I mean,for one, a transaction will create a row lock on the table and it’s an unnecessary hit on the DB. Although I read the “forget about what Codd” part of your post, do you really think it’s a good idea to keep business logic on the clients table? Aren’t you sacrificing too much for a false sense of performance gain?
I would create a view(or more…) that gets updated by a trigger on the purchase table. I’m guessing your approach is using the DB only as data storage medium and that doesn’t fly too well in 200k plus record tables.
It calls database denormalization, and in my opinion is a good practice.
I’m using it in all of my projects, even though Postgresql performs well in complex queries.
A post-insert trigger would avoid the hassle of having a multi-statement transaction (insert + update).
@mariz
Yes, I think we all get what it is. It’s just a poor example and that’s what I’m criticizing. You should, to the best of my knowledge, use views not add columns to your table. Seemingly you shouldn’t mix business with data (purchases and clients) tables.
@JP Antunes
You are right about the mix business with data, even though a trigger can solve the thing.

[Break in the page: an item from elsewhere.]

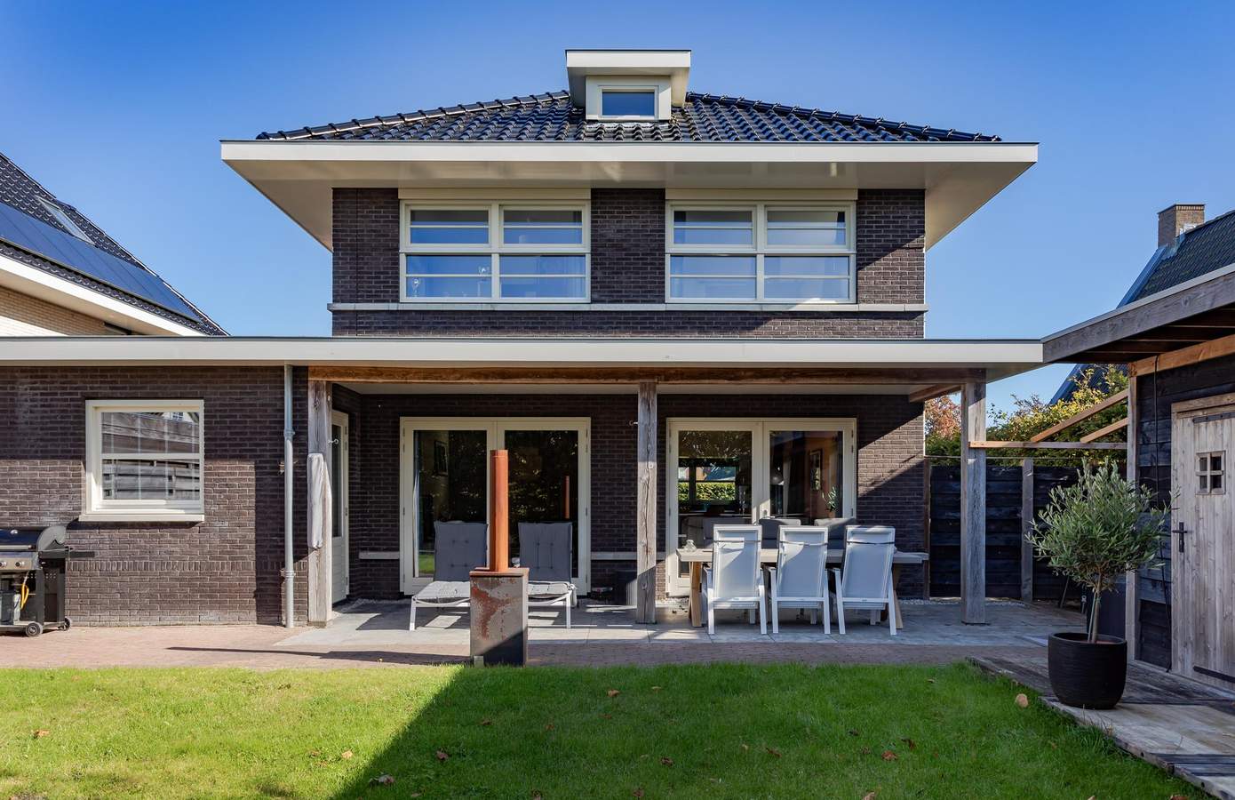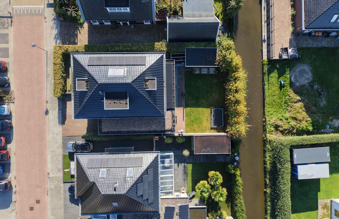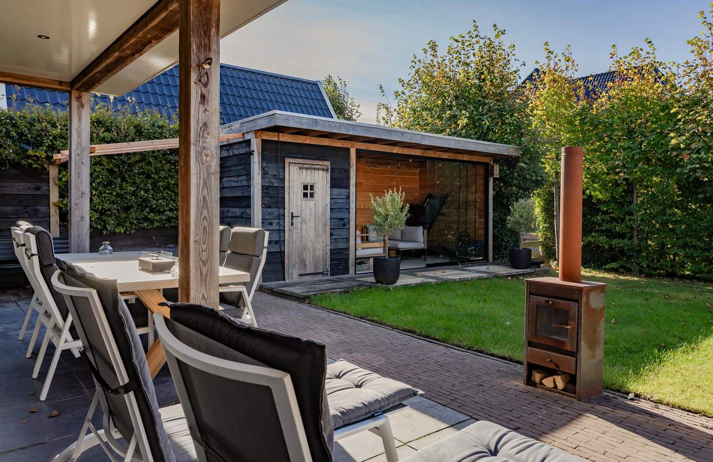 De tuin is een plek om volop te genieten. Gelegen op het zuiden, kunt u hier de hele dag door van de zon profiteren. Het ruime terras grenst direct aan de woning en is deels overkapt, zodat u ook op warmere of juist regenachtige dagen comfortabel buiten kunt zitten. De vrijstaande veranda compleet met schuifpui en stroomvoorziening, is een heerlijke plek om lange zomeravonden door te brengen. Een leuke toevoeging aan tuin is de vlonder, gelegen aan het water. Hier kunt u heerlijk ontspannen of uw boot aan leggen. De tuin is groen en verzorgd, met voldoende privacy dankzij de volwassen beplanting. Aan de voorzijde beschikt de woning over een brede oprit met parkeergelegenheid voor twee auto’s. De inpandige garage is volledig geïsoleerd en multifunctioneel inzetbaar, bijvoorbeeld als extra werkruimte of hobbyruimte.

In this case, views don’t solve the performance issue. And denormalization shouldn’t always be the best solution, but in this case I think it should.
JP Antunes, with the view you still have the performance penalty.
The other viable option is, indeed, a trigger. But when I thought about the problem I tried to give a solution that would work regardless of the database engine. Until very recently, MySQL didn’t have any triggers (< 5.0). Other well known databases still don’t have triggers.
Finally, as for mixing business logic with the database, it’s the price to pay to gain some extra few miles of performance. When you create a stored procedure you’re most certainly mixing up a little bit of business logic as well. But that’s life, right? :-)
mlopes, I think you’re wrong. The cost of a query to a view is lower than to a table in most DB engines, although I’m not sure if this is true in either of MySQL’s engines to be honest. I mean, you can’t just evaluate performance on the number of queries made, right? And then there is the whole clustered index thingie that some engines support…
Actually, I believe all major DB support triggers now. Even SQLite! :o)
In a stored procedure (not sure how we got to SPs here) you could definitely find business logic. In fact I had a hand in a major app (read: deployed in several hundreds of desktops) whose business logic was mostly in MSSQL Server SPs. But in no moment business gets mixed in data _tables_.
JP Antunes, actually, AFAIK, a direct query to a table is faster than a query to a view in most, if not all, the database engines. This is because the view encapsulates the SELECT.
As for triggers, I checked on Wikipedia and all the major known databases support triggers, so I think it’s the way to go.
Honestly, I don’t see a major hassle for having a global counter on the parent table. Wordpress does that with the comments. The actual number of comments is stored on the article page! There are worst things that mix up business logic and data!
@JP Antunes: “The cost of a query to a view is lower than to a table in most DB engines”
Care to explain? I don’t see how that can happen. A view is just a logical representation of a dataset and every query in a view needs to be executed in the source table(s), so how can the query in the view be faster than the query in the table itself?
Unless you are talking about materialized views, but that is a completely different story from regular views.
um motor q
@vitor: well, that statement came from experience and I can’t really justify it without giving an example. Let’s say you want a report of the top ten selling products grouped by category and some sort of evaluation of cost-of-sale (or the like). Would you say that it would be better querying several tables and performing aggregation operation s and (let’s say) a complicated data-analysis function, or querying a previously created view ?
Well, I would go with a view, but given your comment the next time I need something like this I’ll try to benchmark it, maybe your right.